FR Kevin Ryan treads on very risky ground when he asks whether imposing the death penalty on Amrozi for the Bali atrocity will ‘put an end to the conditions of poverty and disadvantage that give fuel to terrorists’ (CL 31/8/03).
Firstly, it should be transparently obvious that people who are severely disadvantaged and poverty-stricken are, for that very reason, powerless to engage in acts of terrorism, particularly on the scale of the Bali bombing.
Where would they find the money to buy the laptop computer, the explosives, the mobile phones to detonate it, and the vehicle to write off? It has been clearly demonstrated time and again that the most notorious terrorists generally have enormous wealth at their disposal, and to suggest for one moment that the Bali bombers were idealistic individuals acting on behalf of the poor is to give them credit which is entirely undeserved.

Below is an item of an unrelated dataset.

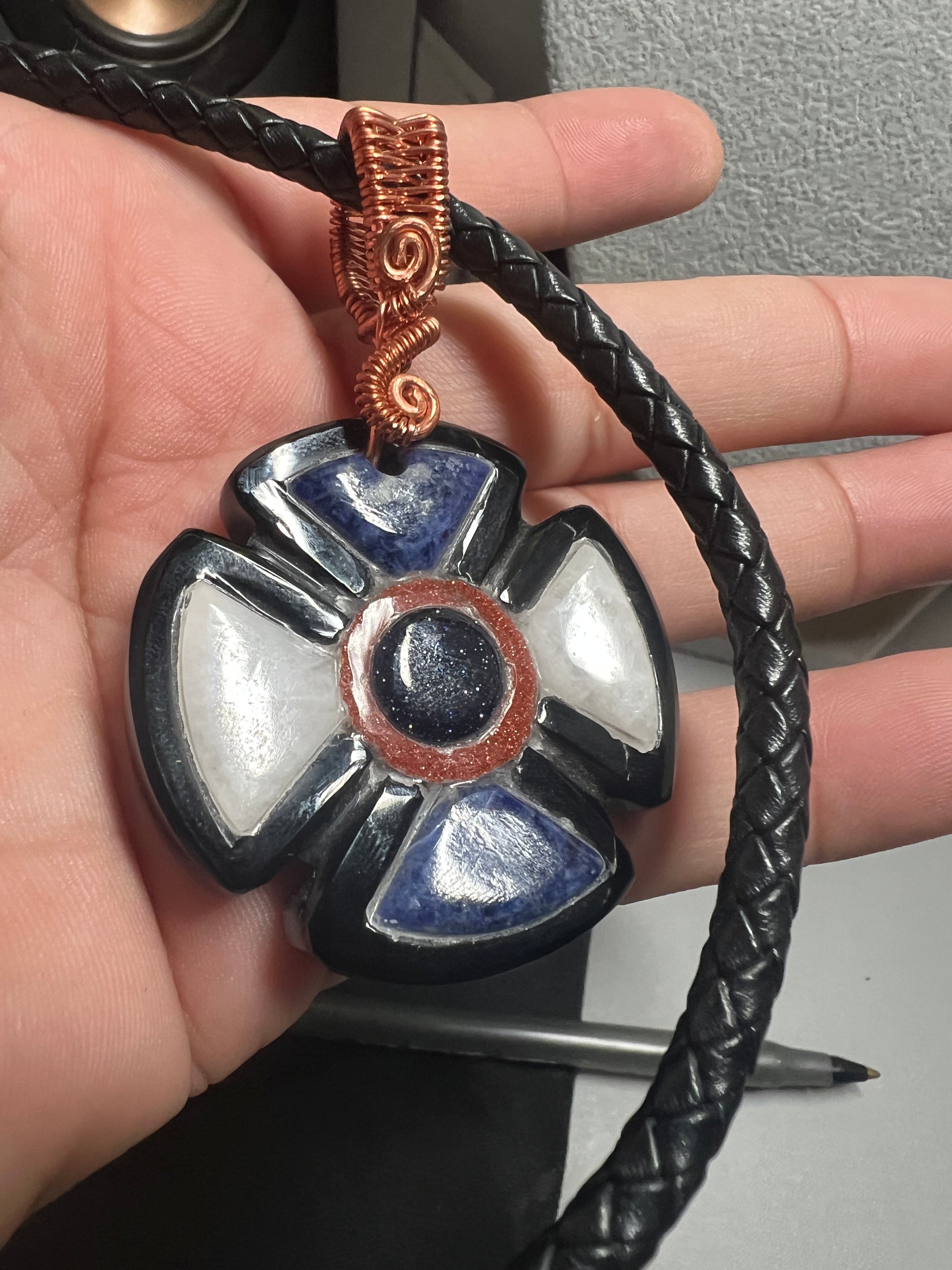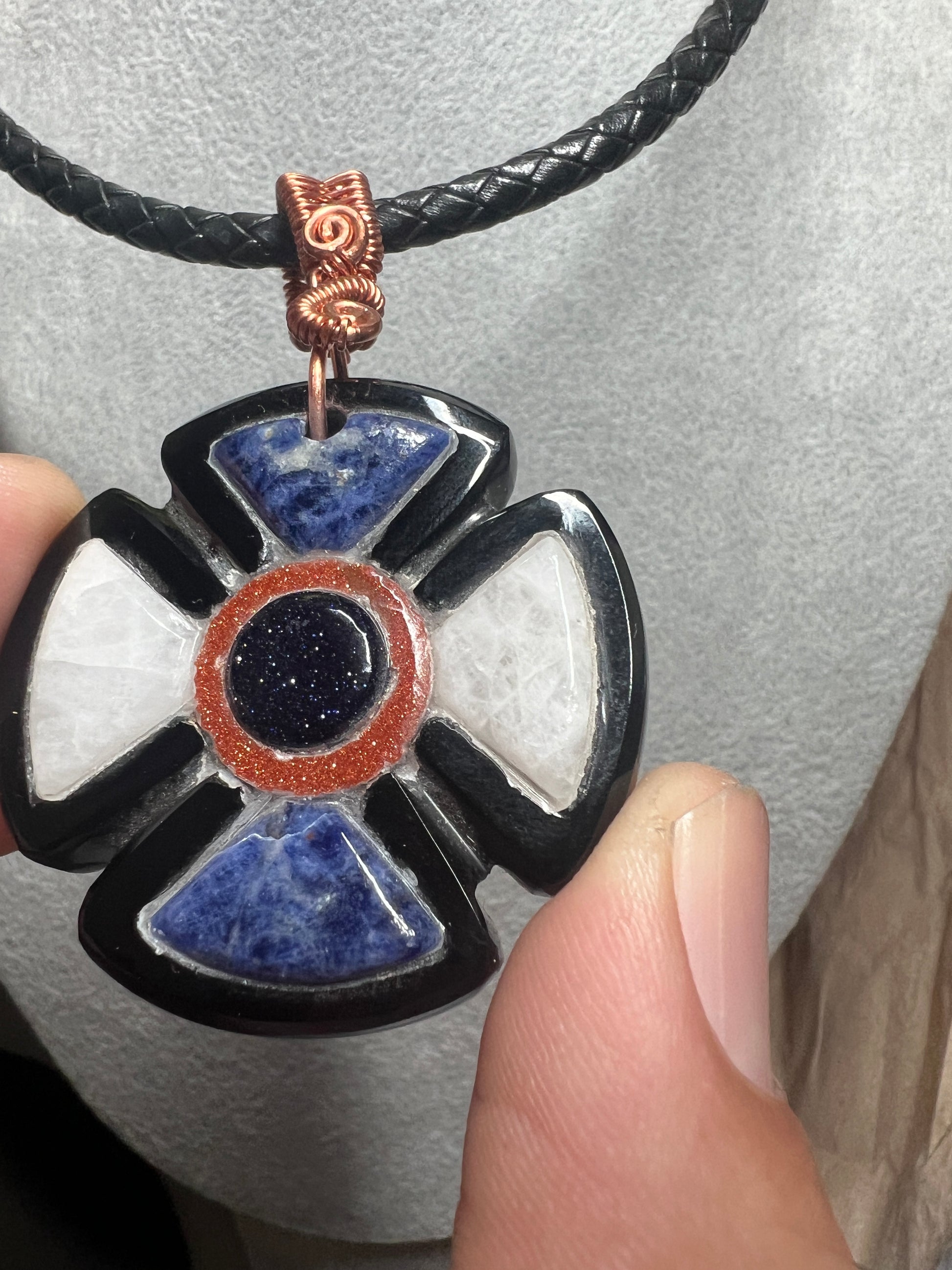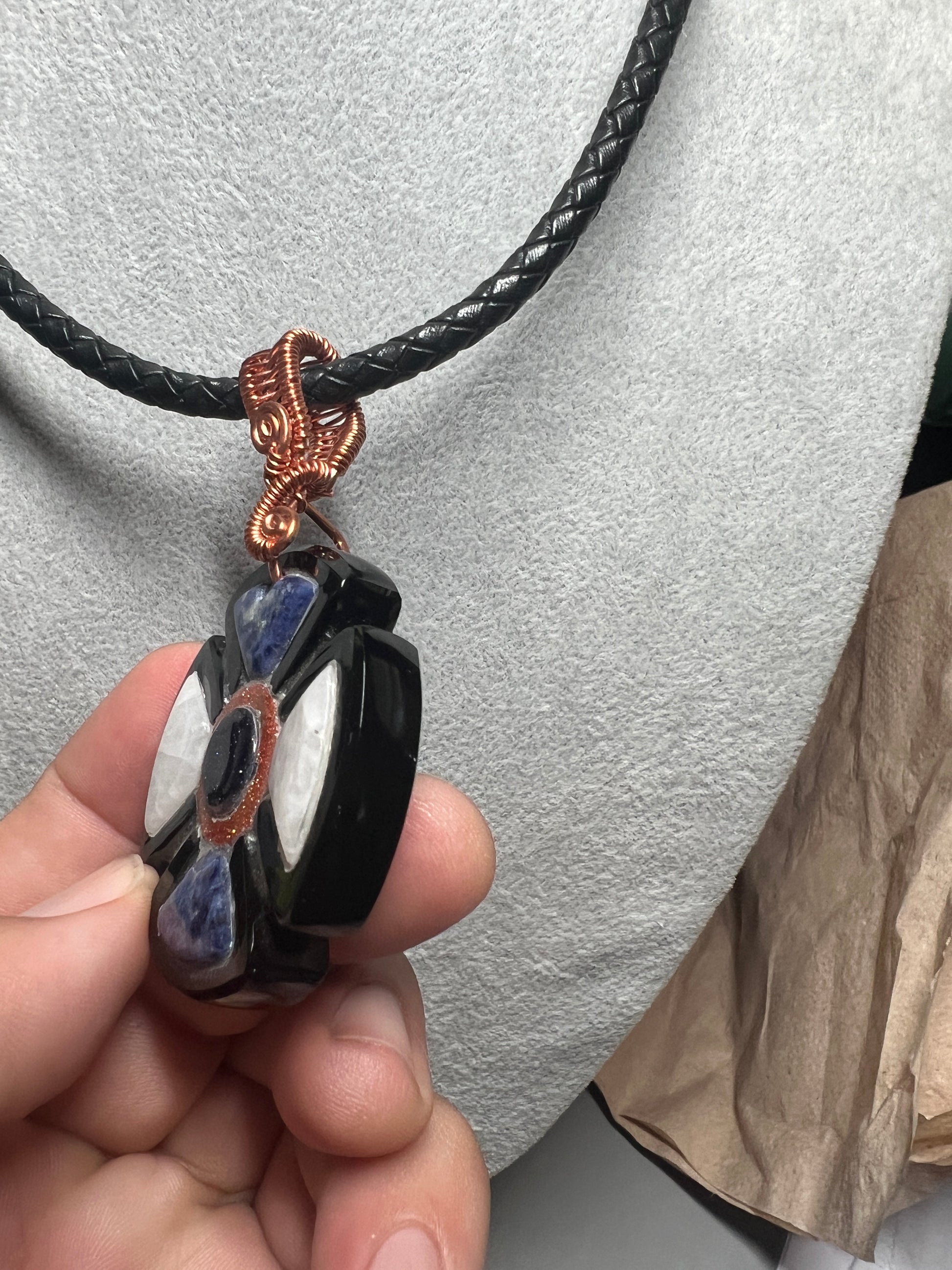 Obsidian Flower Stone Pendant, Choker, Aztec Mexica Maya, 1.75", leather rope necklace, 17" Mexico

Secondly, we Catholics are not allowed the luxury of blaming others for evil actions which are freely chosen and entirely avoidable.
The current trend of blaming the Western world, particularly America, for ‘inciting’ terrorism is little different to the one which held women responsible for ‘provoking’ rape by the way they dressed. We don’t hear much of that one these days, thankfully.
Evil is evil and cannot be explained in any other way, or transferred to any person except the person who freely chooses it.
If Fr Ryan looked a little deeper into the psyche of the Bali bombers, he would discover a cause very different from the one he implies.
It has nothing whatever to do with poverty, and everything to do with fanatical Islamic extremism.
We ‘provoke’ them by our beliefs (and our unbeliefs). We provoke them by our way of life.
That is why thousands of Indonesian Christians have been slaughtered, and their churches burned. That is why more than 200 people died in Bali.
We will have to sacrifice infinitely more than our country’s foreign policy to appease these people. And that will just be the beginning.